I can always defend my laziness or greed. Just try to tell me to do it your way and I'll probably tell you why my way is right. "Hurry up!" versus, What's the hurry?" "Don't buy that!" versus, "You only live once." "Don't do that!" versus, "Why not?"

Romantic love is confusing. That other person is so attractive precisely because they are so different and interesting. Then they go a little too far with their interesting difference and we say "whoa!"

Union is our goal but difference is our experience. How can we integrate the two? I could stop there.
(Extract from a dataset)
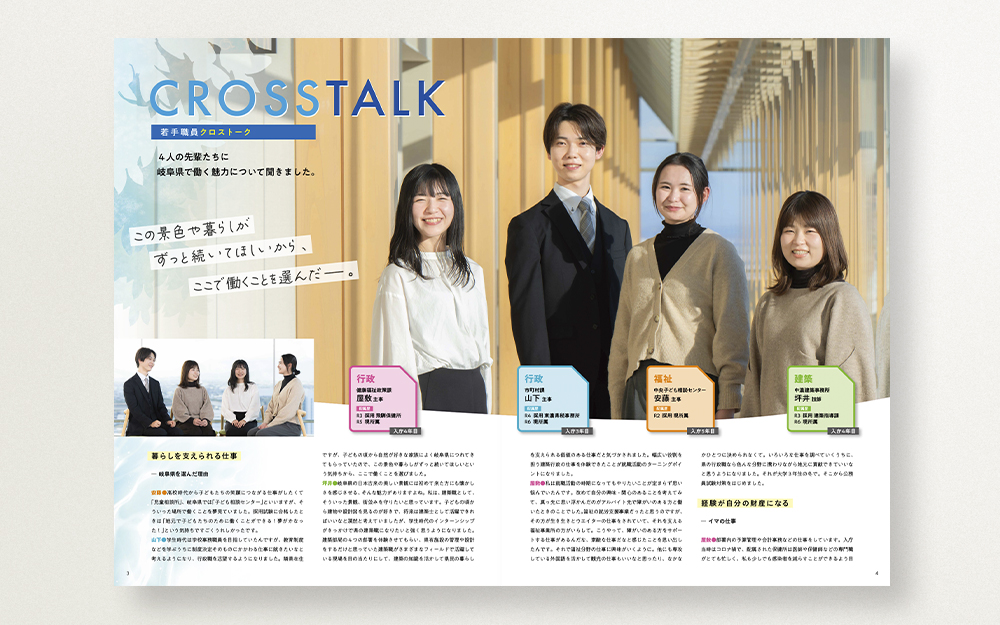 次世代の県政を担う優秀な人材を確保するため、就職を考えている若者に対して、岐 阜県職員の仕事の魅力や業務内容等を紹介した職員採用案内パンフレットを制作する。

This is the mystery and the task.

I spent some time recently listening to Craig McMahon, dean of the chapel at Mercer University talk about the stories in Genesis 1 through 11. Seems those early folks always wanted a little more: Plenty of fruit available but I want some off of that tree, and then there's Cain's thought that his offering was better than Abel's, and the folks who wanted to build the tower higher.

Humility is the lesson if we will accept that we will not always get what we want. We will learn contentment if we can detach from or at least contain our desires. And the experience of grace is bestowed as we patiently accept the difficulties that come to us.

All of this is available in our coupling as we learn to tolerate the tension of our "opposite." We will find contentment, grace, and, yes, even some humility.